After completing this chapter you will be able to

- Determine the operating characteristics of a device using load-line analysis

- Explain the operation of DC circuits with diodes connected in various configurations

- Explain the operation of half-wave and full-wave rectifier circuits

- Determine the output waveform for a variety of diode clipper and clamper circuits

- Explain how Zener diodes can be used to maintain constant voltage across a load

- Explain the operation of a variety of voltage multiplier circuits

Introduction

In the last chapter you saw the construction of semiconductor diodes along with their characteristics and ways to model them. In this chapter you will see how diodes are used in various configurations with models suited to particular applications. You should gain a clear understanding of the basic behaviour patterns of diodes in dc and ac networks. You will find that the new concepts of this chapter apply beyond simple diode circuits, because diodes are often used to model transistors in a variety of multi-terminal networks-for example in the r_e analysis of Section 7.5.

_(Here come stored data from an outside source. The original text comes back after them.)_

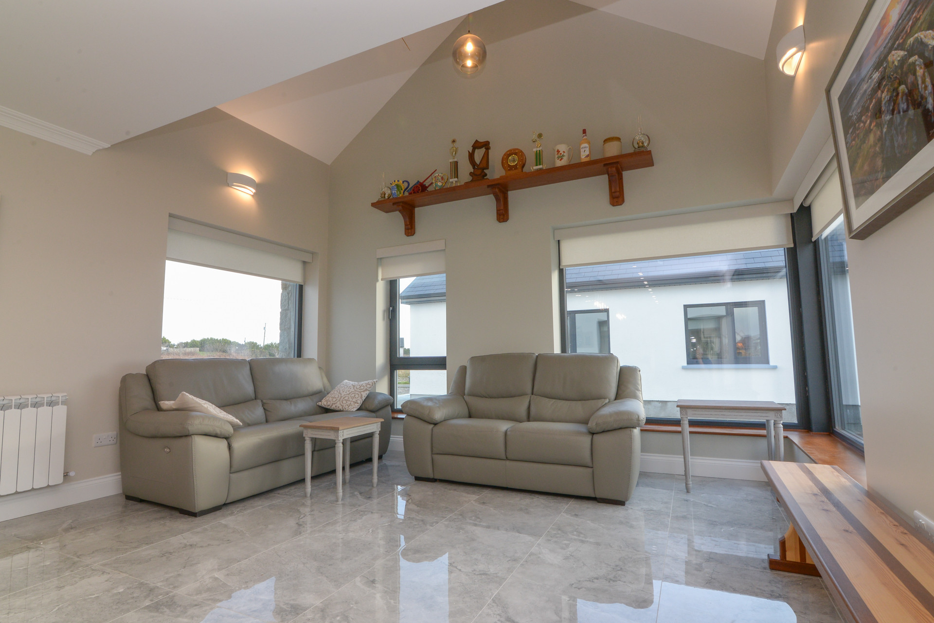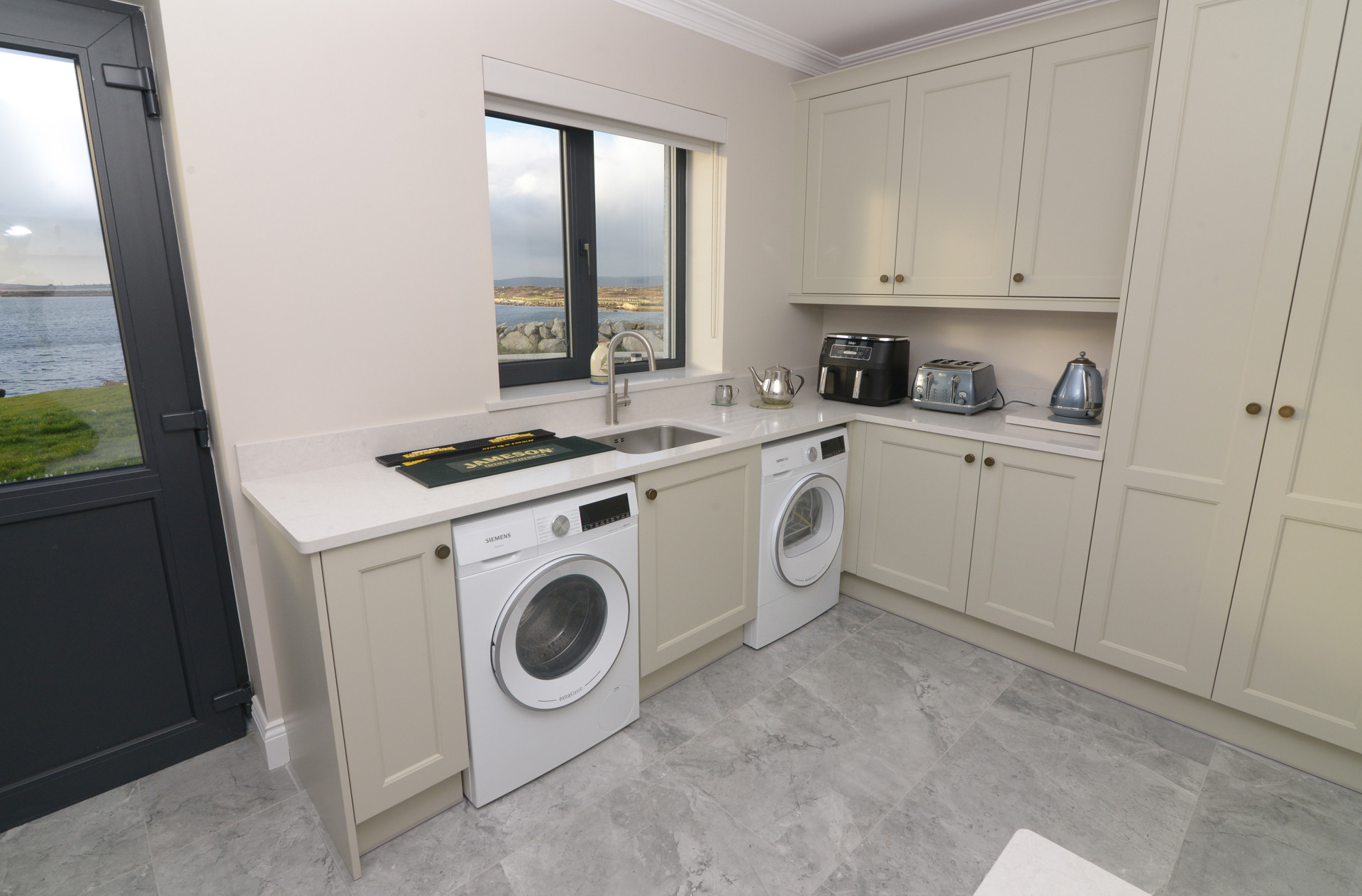 Set in a peaceful corner of Carraroe overlooking the glistening waters of St Thomas Bay, this newly built four-bedroom home is a masterpiece of modern coastal living. Designed with luxury and light at its heart, it offers an exceptional stay for families, friends, or groups seeking style, comfort, and space in one of Connemara’s most captivating settings.
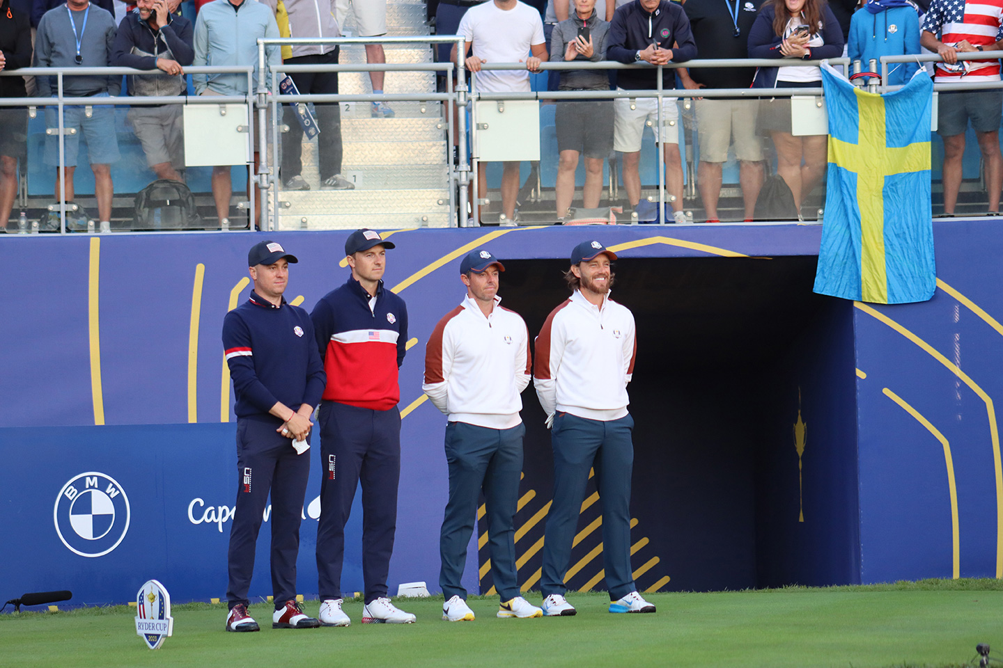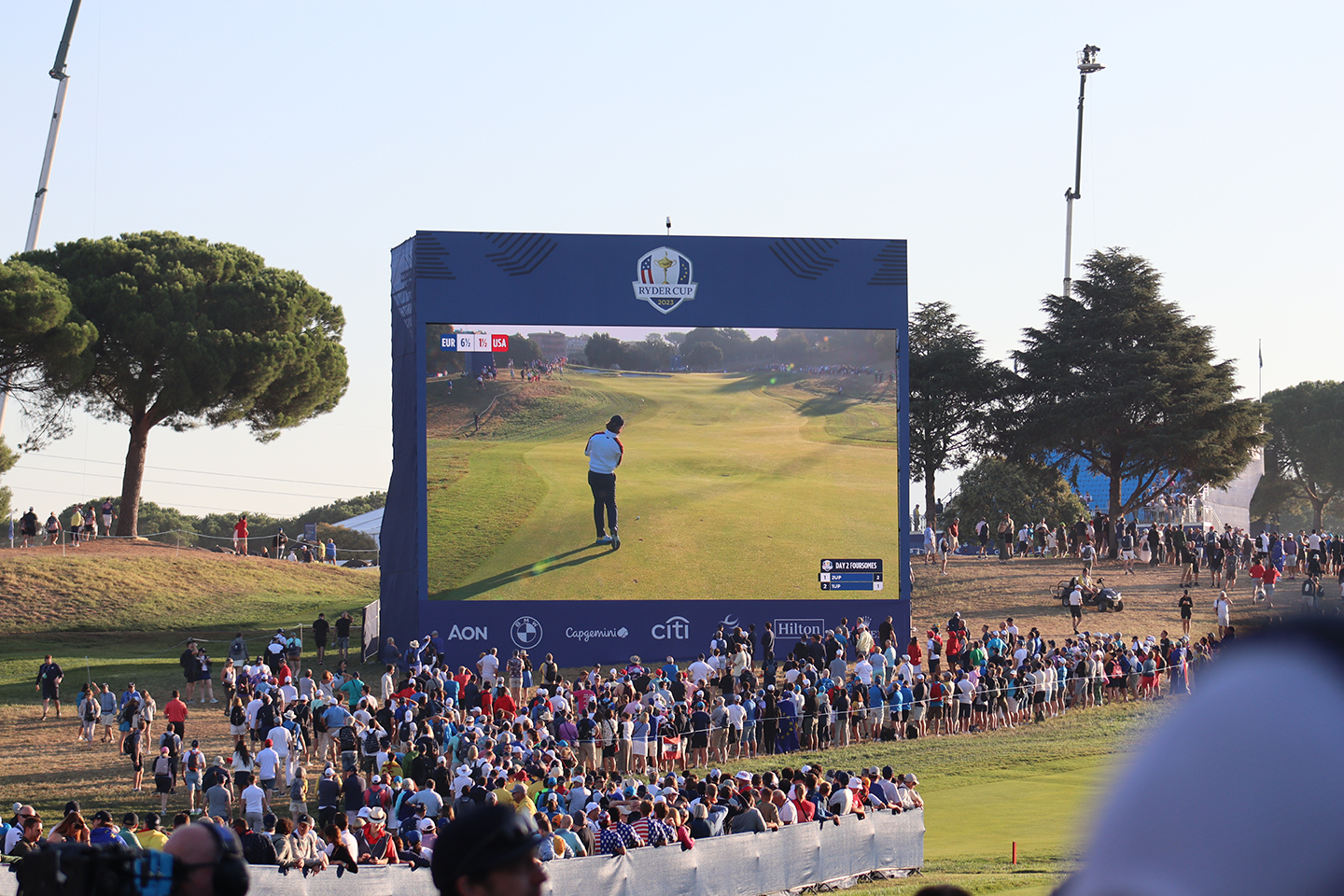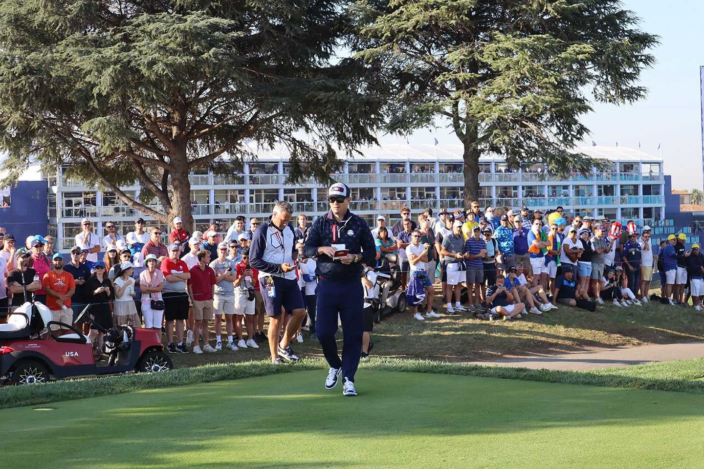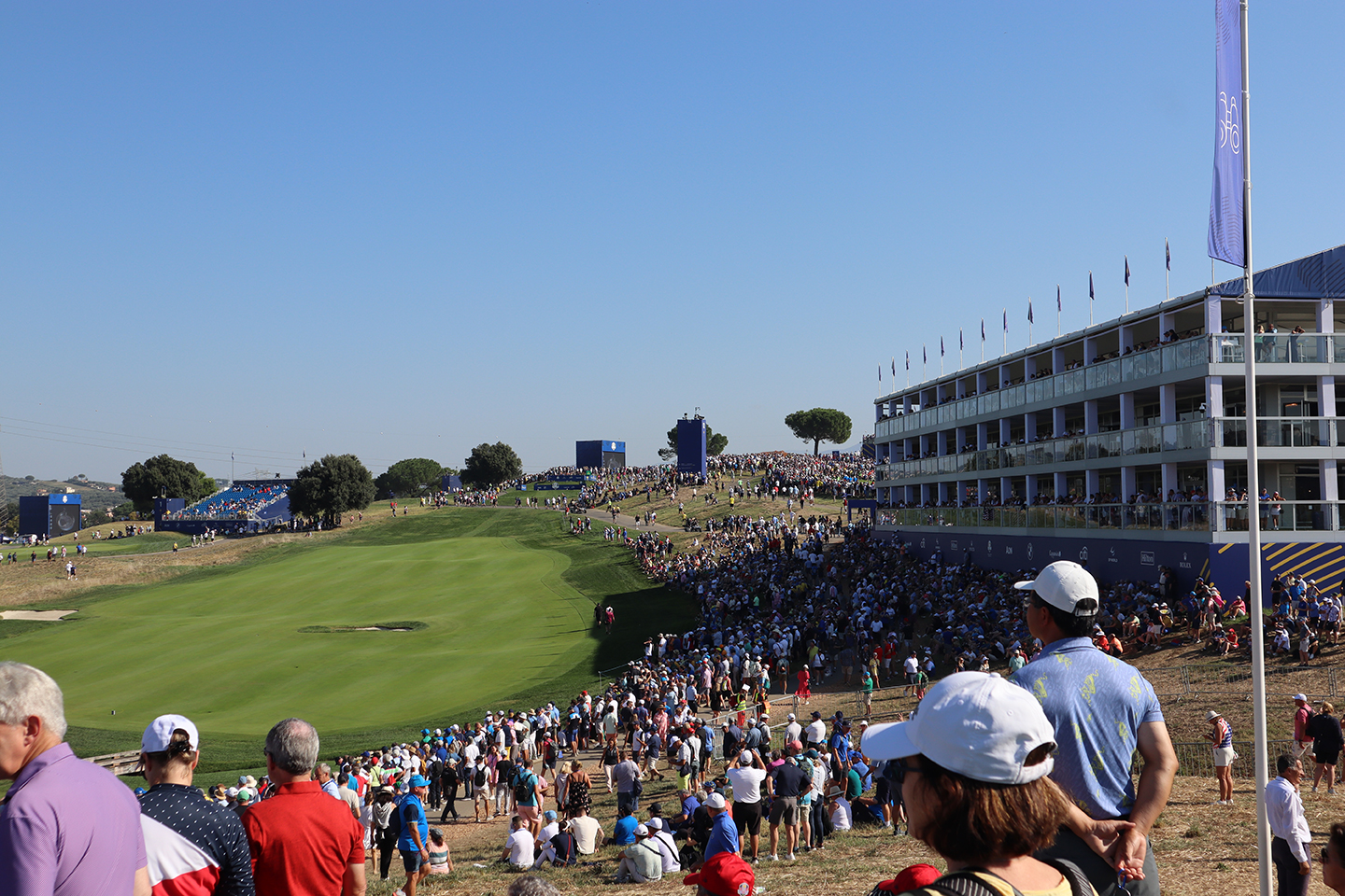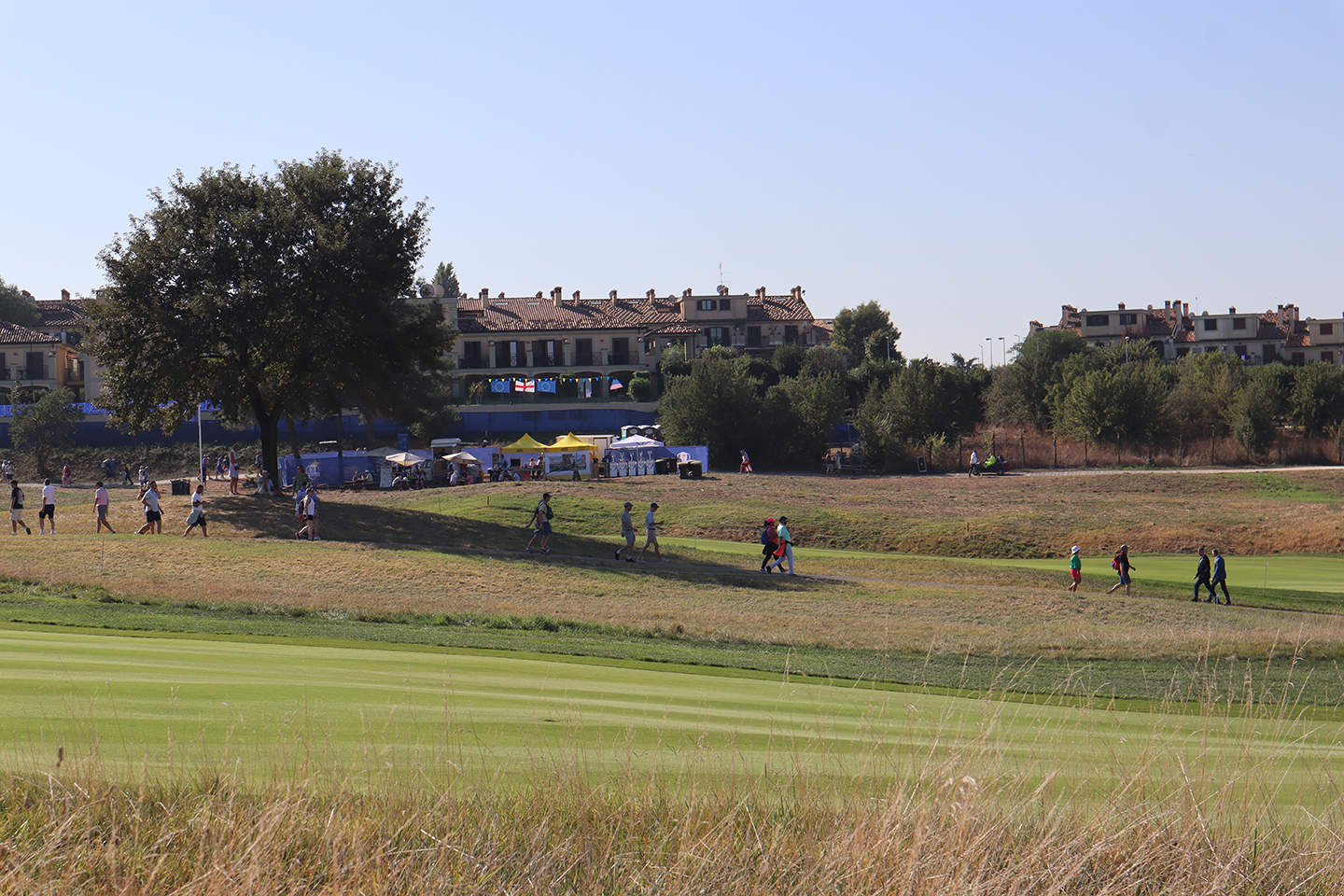 Bello día, este 29 de septiembre del 2023, con un clima y sol estupendo, comenzó la fiesta del Golf en el Campo Marco Simone Golf & Country Club, situado en el Municipio de Guidonia Montecelio, en la Ciudad Metropolitana de Roma, Italia, se encuentra a 17 km del centro de la capital y cuenta con dos campos de golf: un campo reglamentario de 18 hoyos y un campo de 9 hoyos. Después de mucho esfuerzo, en el 2015 ganó la selección para albergar la 44ª edición de la Ryder Cup en este 2023, y aquí estamos para llevarles lo mejor de esta gran FIESTA DEL GOLF
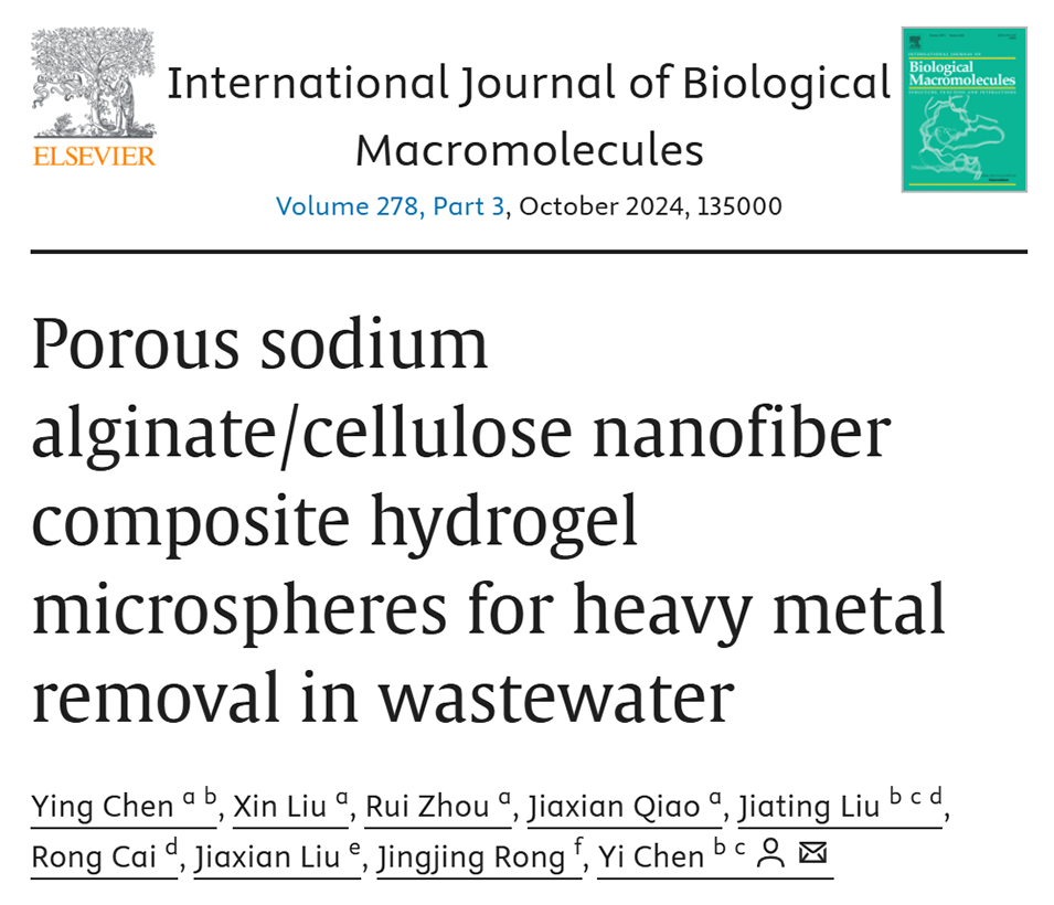 近期,湖南工业大学包装与材料工程学院陈一教授团队利用微流控技术制备了多孔海藻酸钠/纤维素纳米纤维(SA/CNF)复合水凝胶微球,通过引入CNF增强机械性能、聚乙二醇(PEG)提高孔隙率,旨在高效去除废水中的重金属离子(如Pb2+、Cu2+和Cd2+),并探讨了影响吸附过程的多种因素。相关研究以“Porous sodium alginate/cellulose nanofiber composite hydrogel microspheres for heavy metal removal in wastewater”为题目,发表在期刊《International Journal of Biological Macromolecules》上。
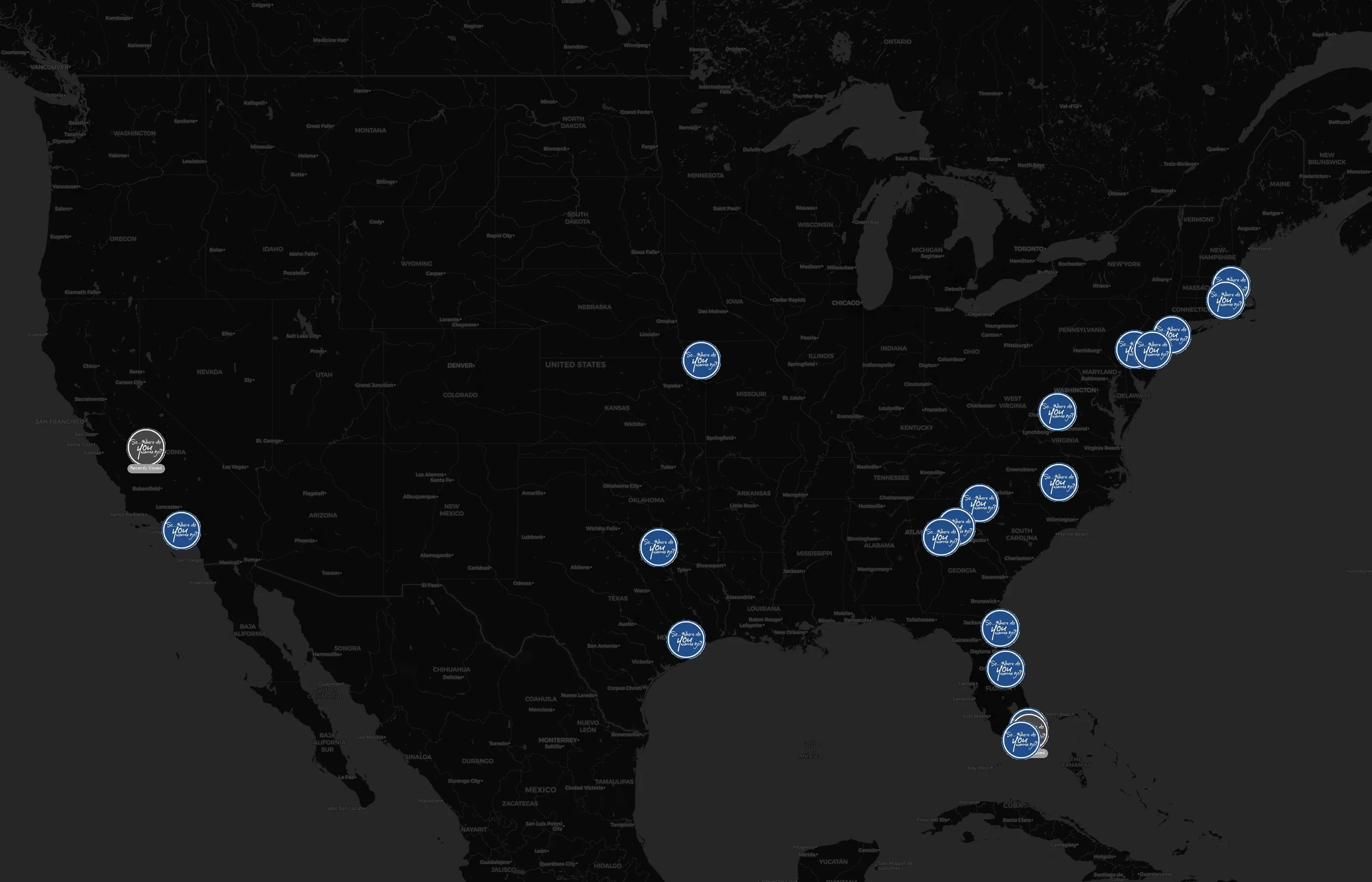 Street-level clusters show corridors where multiple Dream Vacations locations sit within the same neighborhood indicating strong local presence and coherence. Dream Vacations operates a total of 20 nationwide.
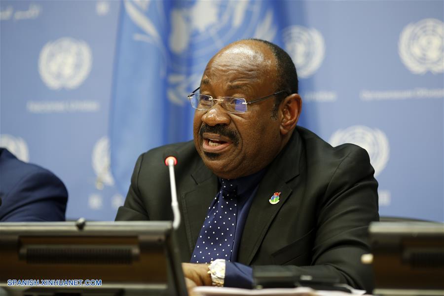 NUEVA YORK, febrero 1, 2019 (Xinhua) -- Anatolio Ndong Mba, embajador de Guinea Ecuatorial ante la Organización de las Naciones Unidas (ONU), y presidente del Consejo de Seguridad para el mes de febrero, participa durante una conferencia de prensa sobre el programa de labores del Consejo de Seguridad para febrero, en la sede de la ONU, en Nueva York, Estados Unidos, el 1 de febrero de 2019. El Consejo de Seguridad de Naciones Unidas (CSNU) realizará en febrero un debate abierto sobre la iniciativa de la Unión Africana llamada "Silenciar las armas en Africa", dijo el viernes Anatolio Ndong Mba. (Xinhua/Li Muxi)
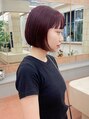 ボブ ミニボブ ブリーチあり ダブルカラー 名古屋 栄 矢場町 ショートボブ 赤髪 チェリーレッド ピンクカラー ラベンダーカラー ラベンダーアッシュ 暖色系カラー 前髪 シースルーバング ぱっつん サイドバング ショート トリートメント

This chapter intends that you understand the basic principles of electronic devices so you can analyze how they operate in an endless variety of circuit configurations. Although the analysis begins with the actual characteristics of diodes, you will quickly see the advantages of using models that depend on approximating the characteristics. These approximations are chosen to reduce the complexity of the mathematical analysis. For instance, some characteristics of semiconductor devices are represented by equations involving exponential expressions. In the range of operation of a device, you will find that a linear approximation may be quite satisfactory.

How do you determine if a particular approximation is satisfactory? Consider, for example, a simple practical circuit. You want to know the current when 10 V is applied across a 100 resistor. With a 5% resistor and a voltage tolerance of 1%, the current can range from 94 mA to 106 mA. If a precise analysis gave a result of 96.3 mA, then the approximation of 100 mA is quite satisfactory-it is "as accurate" as needed.